In the method for the invention, extracting raw material can contact with wetting solvent earlier according to circumstances, uses microwave radiation processing again.Described wetting solvent can be any organic or inorganic liquid of extracting of conventionally being used to.Described wetting solvent species can be done suitably to adjust according to the kind of the kind of extracting raw material and desirable extraction composition.The preferred moistening solvent that is applicable to the inventive method is water, methyl alcohol, ethanol, ethyl acetate, normal hexane, nitric acid or its potpourri, and more preferably water, methyl alcohol, ethanol, normal hexane or nitric acid most preferably are water.Described wetting solvent can be identical or inequality with described extraction solvent.Extracting the weight ratio of raw material and described wetting solvent can do suitably to adjust according to the kind of the kind of extracting raw material and desirable extraction composition, and the preferred weight ratio that is applicable to the inventive method (extracts raw material: wetting solvent) for about 1: 0.2 to about 1: 5, its more preferably about 1: 0.5 to about 1: 4, most preferably be about 1: 1 to about 1: 3.

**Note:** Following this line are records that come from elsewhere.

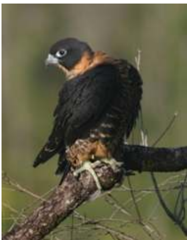
Chick in Belize
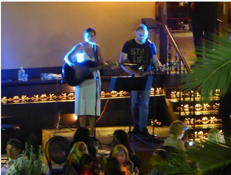
Several evenings there was live music at the restaurant across the cathedral square.
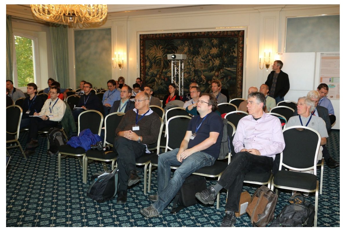
Some participants at the IDS Workshop
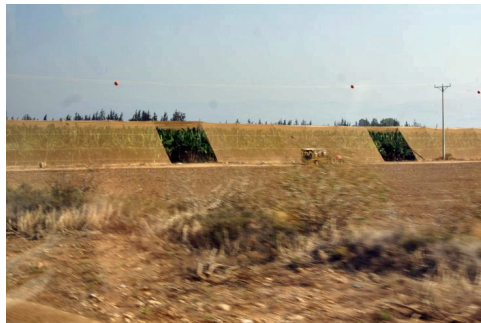
2016 Bananas under canopies
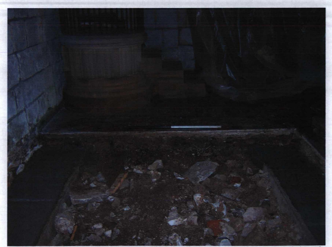
Plate 6 The eastern end of the northern pews showing layers (1003), (1004) and (1002) underlying the black and blood-red floor tiles (1001), looking east. Note modern rubble (1013).
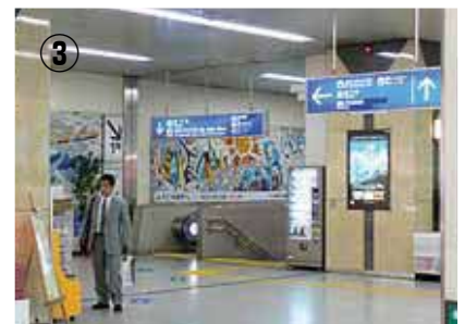
③ Follow the sign ( mark: → ) on the floor, and then you'll find the escalator and stairs go down to the 1F.
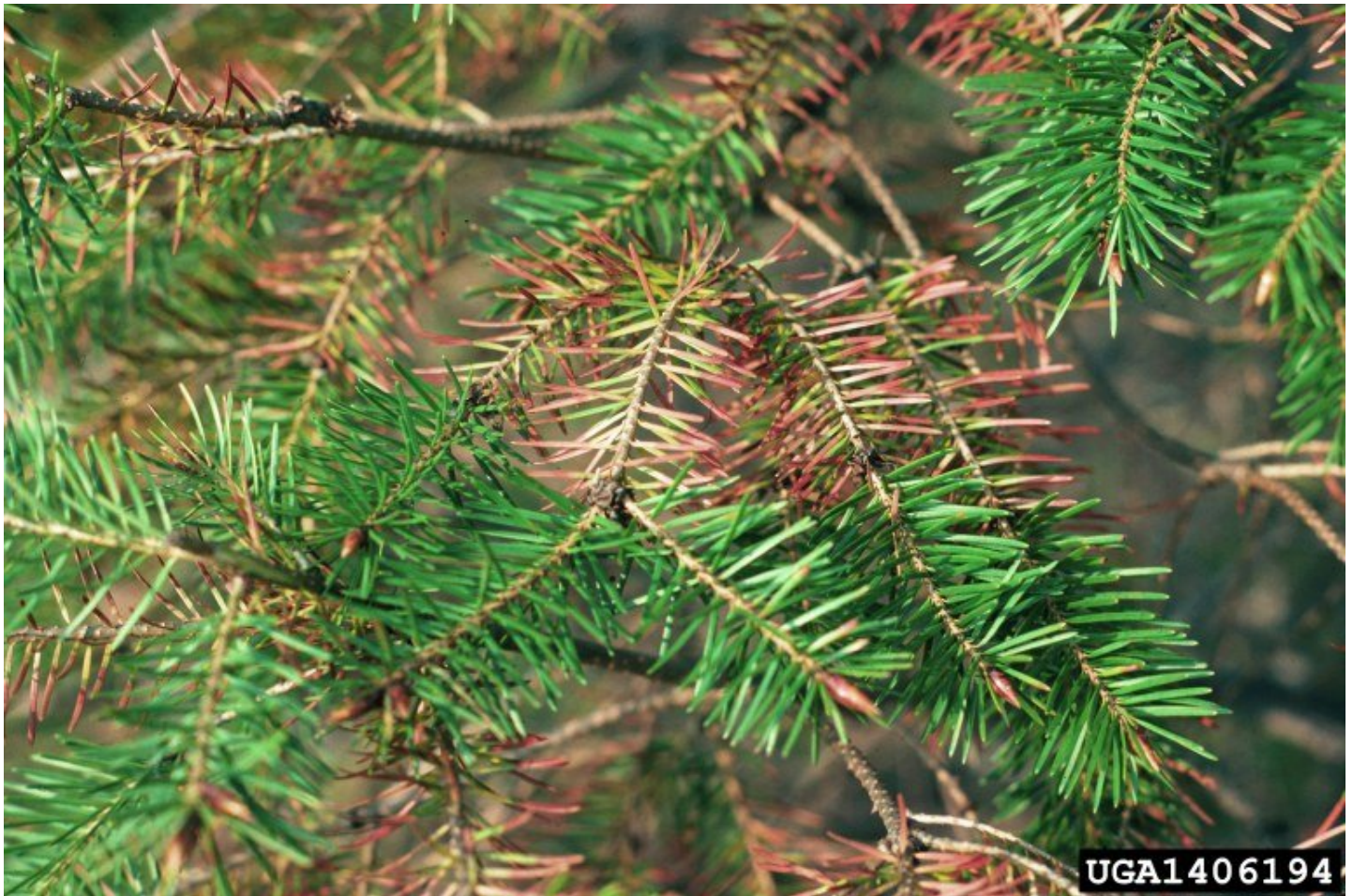
Figure 4. Previous seasons' infected needles may be cast or remain on the tree.
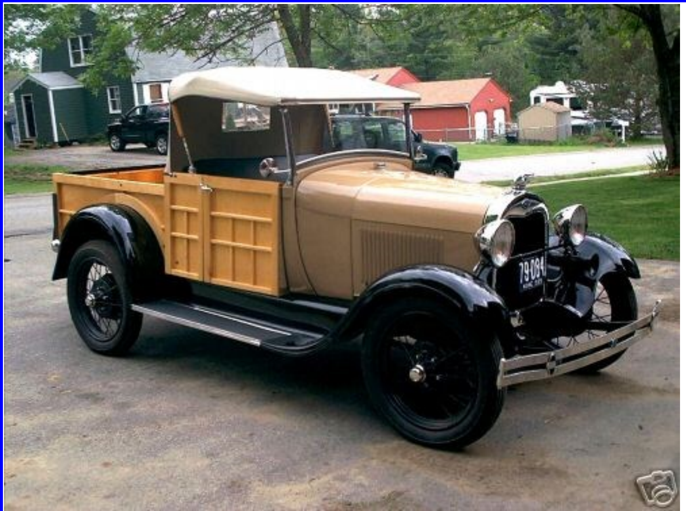
A 1929 Woodie Pickup
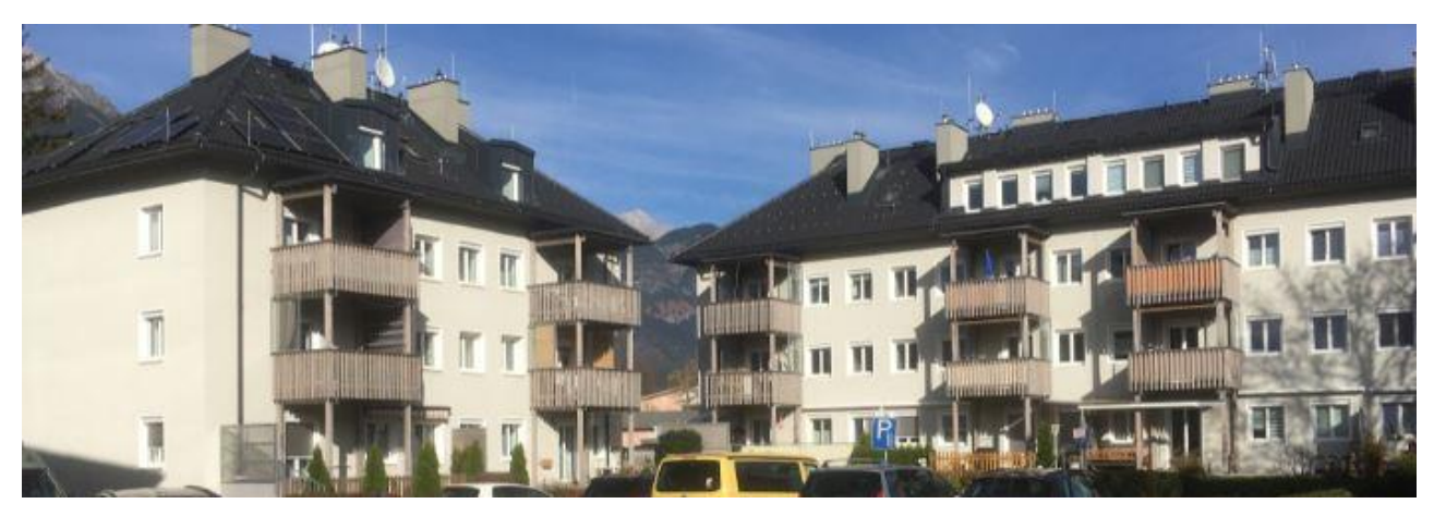
SINFONIA demonstrates that complex buildings and city districts can be modernised to a high standard of energy efficiency in a step-by-step process. In Innsbruck (Austria), the EU-project has funded the deep retrofits of 33 buildings between 2014 and 2020.

Extraction raw material in the extracting method of the present invention with extract solvent and contact after, can optionally combine with further lifting extraction ratio with various conventional extracting method, wherein said conventional extracting method includes, but is not limited to stir and extracts, heats extraction, soxhlet extraction, Extraction by Ultrasound, super critical extraction, enzyme extraction method, semi-bionic extraction or its combination.
The following example is used for the present invention is further illustrated, but is not in order to restriction the present invention, the teaching of any persond having ordinary knowledge in the technical field of the present invention instructions according to the present invention and the modification of reaching and use and all belong to scope of the present invention.
Experimental technique:
1. Microwave Pretreatment method: after the extraction raw material pulverizing with drying or undried, add wetting solvent according to circumstances, carry out microwave radiation with different power and time, after adding extraction solvent carries out the stirring (heat/not heating) of blink again, to extract solvent and filter also concentrate drying, to obtain dry extract.
2. stirring extraction method: after the extraction raw material pulverizing with drying or undried, add 10 times to the extraction solvent that extracts raw material (w/w), after a period of time, solvent filters and concentrate drying to extracting, to obtain dry extract in reflux.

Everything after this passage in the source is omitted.